LES RÉÉCRITURES BIBLIQUES : UN GESTE DE TRANSMISSION FÉMINISTE

Dans cet article, je présente les grandes lignes et les conclusions de mon mémoire de maîtrise déposé en juillet 2016 au département de Sciences des religions de l’Université du Québec à Montréal. Le titre du mémoire est : De la production à la transmission. Les réécritures bibliques de L’autre Parole de 1996 à 2015 et Il est composé de quatre chapitres :

I – Cadre théorique et méthodologique

II – Qui est L’autre Parole ?

III – Les réécritures de L’autre Parole

IV – Interprétation des réécritures.

L’hypothèse de recherche considère les réécritures de L’autre Parole en tant que geste de transmission féministe de la tradition chrétienne. Les questions de recherche visent à savoir : Comment s’élaborent les réécritures ? Quels sont les principaux éléments qui composent l’interprétation féministe des textes bibliques ? En quoi ces réécritures contribuent-elles à une transmission du féminisme dans le champ religieux ?

Dans le premier chapitre, le cadre théorique se compose du concept de transmission dans les espaces du christianisme (Gérard Delteil, 2004) et du féminisme (Françoise Laborie, 2004) ainsi que de l’approche herméneutique féministe biblique (Elisabeth Schüssler Fiorenza, 1996).

Pour Delteil, la transmission des évangiles s’effectue différemment selon les époques et les circonstances.
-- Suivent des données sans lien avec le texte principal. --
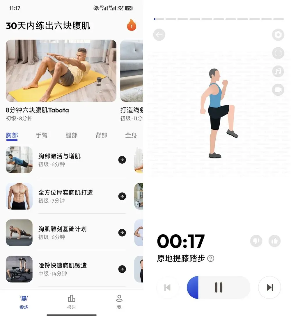 这个软件超贴心,搞了个30天循序渐进的锻炼计划,不管你是健身小白还是想提升,都能从入门慢慢练到进阶。每天就安排一组专门练腹肌的动作,不用买啥器械,也不用专门找场地,在家不管是趴着还是躺着,都能开练。而且啊,所有动作都有动画小人给你示范,节奏明明白白的,你跟着做就行,完全不用担心动作不对把腰给伤了。
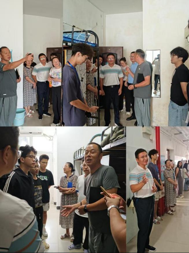 走访中,学院领导细致排查宿舍门窗、水电、家具等设施情况,逐项核验卫生细节,旨在学生打造整洁、安全、舒心的居住环境。面对初入校园的大一新生及陪同家长,娄晓明主动询问入住需求,从校园生活指引到专业规划建议,耐心答疑解惑,在亲切交流中帮新生卸下陌生感、快速融入校园;针对返校老生,李来丙重点倾听学业进展与生活难题,精准回应诉求、疏导情绪,助力大家迅速调整状态,以饱满热情投入新学期。
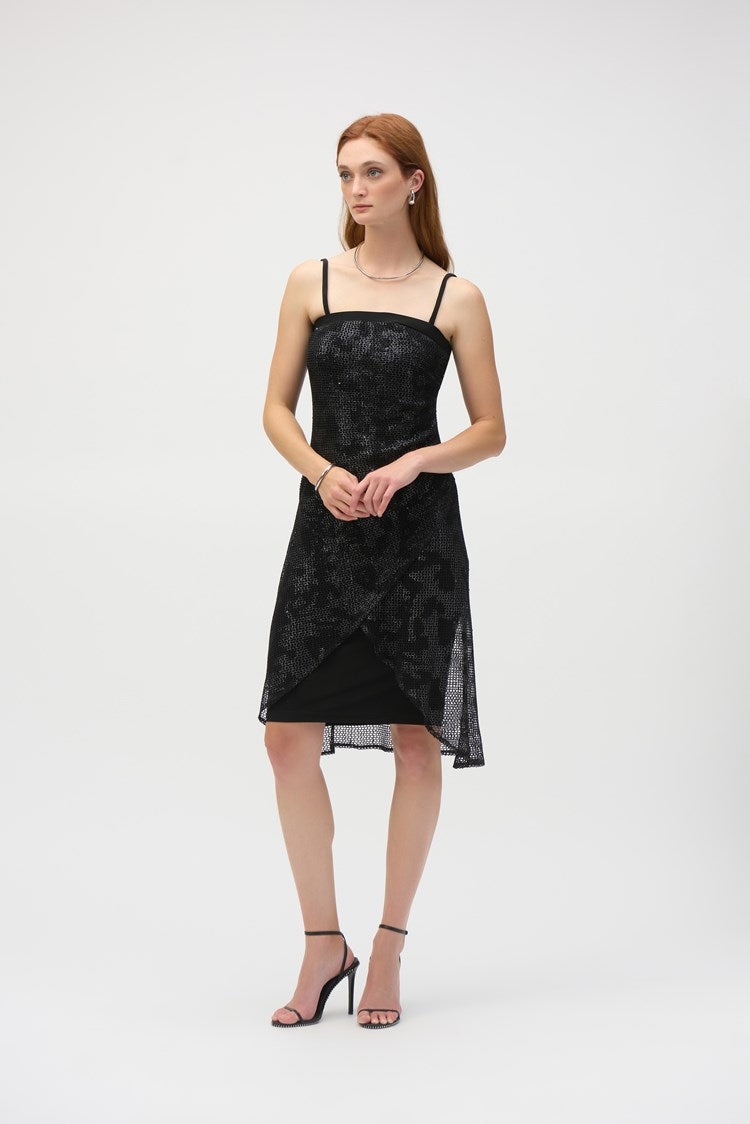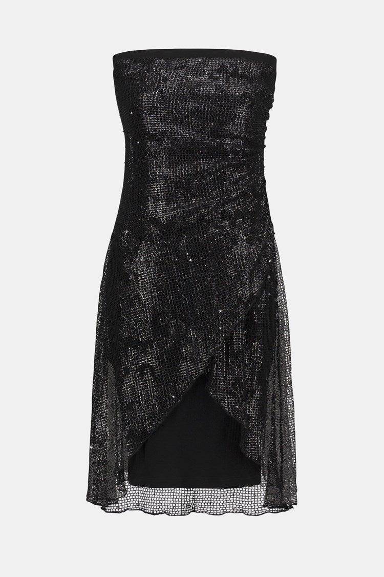 Joseph Ribkoff Foiled Mesh and Silky Knit Strapless Sheath Dress Style # 252198

Dans ce sens, il met en rapport la tradition et l’innovation. Pour lui, le témoignage artistique et celui des convictions militantes représentent une forme de transmission. D’après moi, la réécriture de texte biblique s’inscrit telle une pratique novatrice qui témoigne des convictions féministes et chrétiennes de L’autre Parole.

Pour Laborie qui associe la transmission générationnelle à la reproduction, au renouvellement et à la transformation des rapports sociaux de sexe, la transmission de l’héritage culturel se comprend telle une appropriation. Ce qui est transmis et perpétué est une adaptation, une transformation, une personnalisation de la transmission initialement reçue. Selon moi, le projet de L’autre Parole se comprend comme un projet de renouvellement des rapports sociaux de sexe dans le champ religieux et un projet de transmission féministe qui adapte, transforme et personnalise la tradition chrétienne initialement reçue.
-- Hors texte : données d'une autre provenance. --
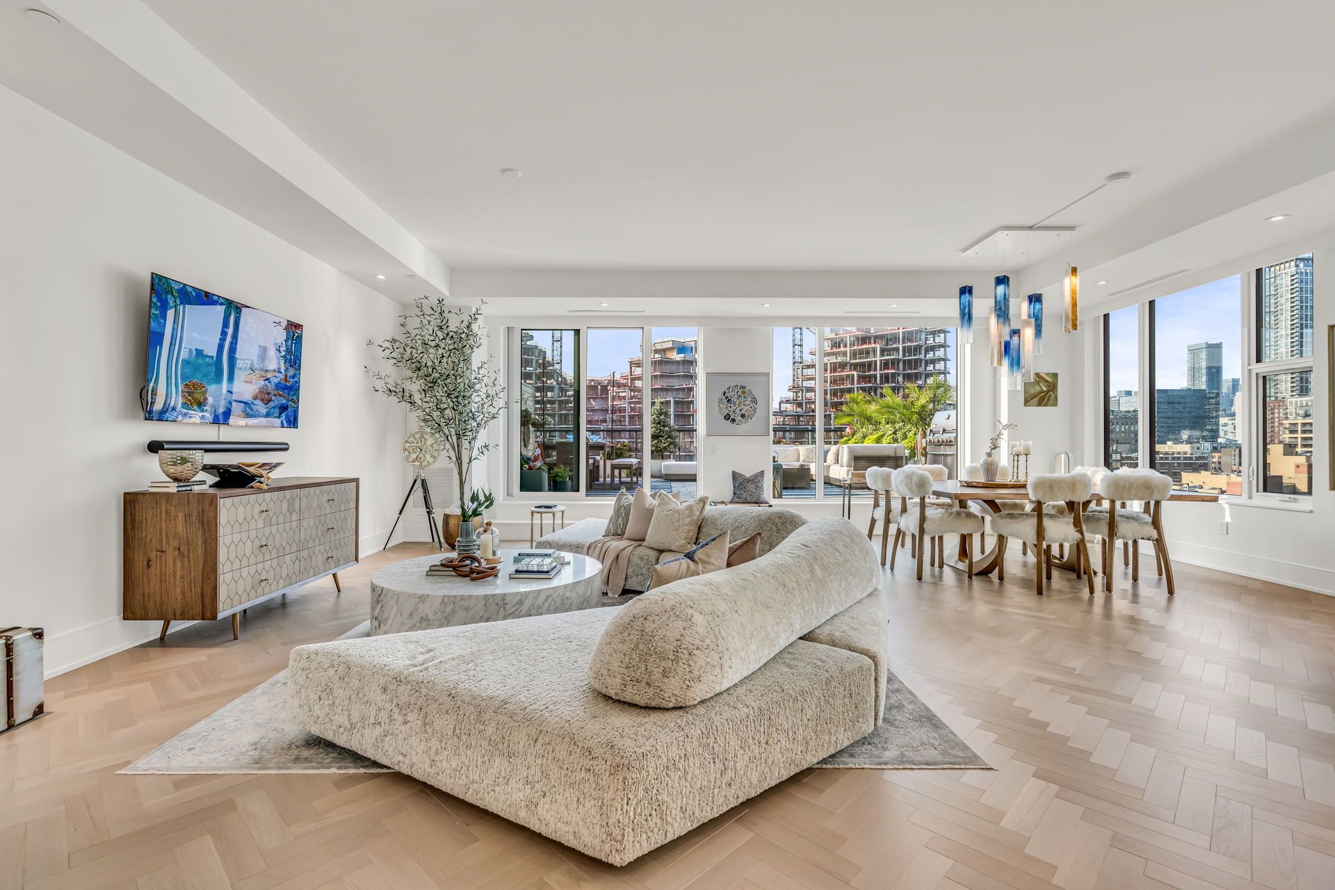 • Elegant open-concept layout with 10-ft ceilings and floor-to-ceiling windows.

Quant à Schüssler Fiorenza, elle propose quatre éléments d’un modèle d’herméneutique féministe biblique.

Le soupçon qui favorise la prise de conscience d’une réalité patriarcale biblique.
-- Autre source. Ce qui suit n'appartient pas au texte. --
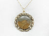 Brilliant shades of coffee, russet and grey shine from the center of this pretty jasper gemstone pendant creating desert landscape effect. The antique, Art Nouveau frame in detailed green gold is a perfect accent for this chocolate and mocha shaded stone.

Le souvenir qui permet de recomposer l’histoire biblique – les femmes sont sujettes et actrices de cette histoire.

La proclamation qui est un jugement éthique sur le choix des textes qui composent le canon des Écritures.

L’imagination qui vise à briser l’emprise patriarcale des textes bibliques sur l’imaginaire historique.

Pour moi, la rédaction des réécritures de la collective est inspirée par ce modèle d’herméneutique. Le premier chapitre traite aussi du cadre méthodologique. Pour cette étude, j’ai sélectionné un corpus de 24 réécritures parmi les 67 réécritures recensées dans les 69 numéros de la revue L’autre Parole publiés de 1996 à 2015, soit les numéros 72 à 141 de la publication. Ce corpus est composé de réécritures du Nouveau Testament (19), de l’Ancien Testament (4) et d’un Credo (symbole de Nicée). De plus, il importe de mentionner que sur les 19 réécritures du Nouveau Testament, on compte trois versions de la Visitation (Luc 1, 39-56) publiées en 2001, 2007 et 2015, deux versions des Béatitudes (Luc 6, 20-26 et de Matthieu 5, 3-12) publiées en 1998-1999 et 2012 et deux versions de la Lettre de Paul aux Galates (Galates 5, 1-12 et Galates 5, 1-5) publiées en 1997 et 2007. 1

Pour réaliser cette étude, j’ai identifié les réécritures (numéro, date de publication, titre, etc.) et j’ai associé les réécritures aux textes bibliques correspondants.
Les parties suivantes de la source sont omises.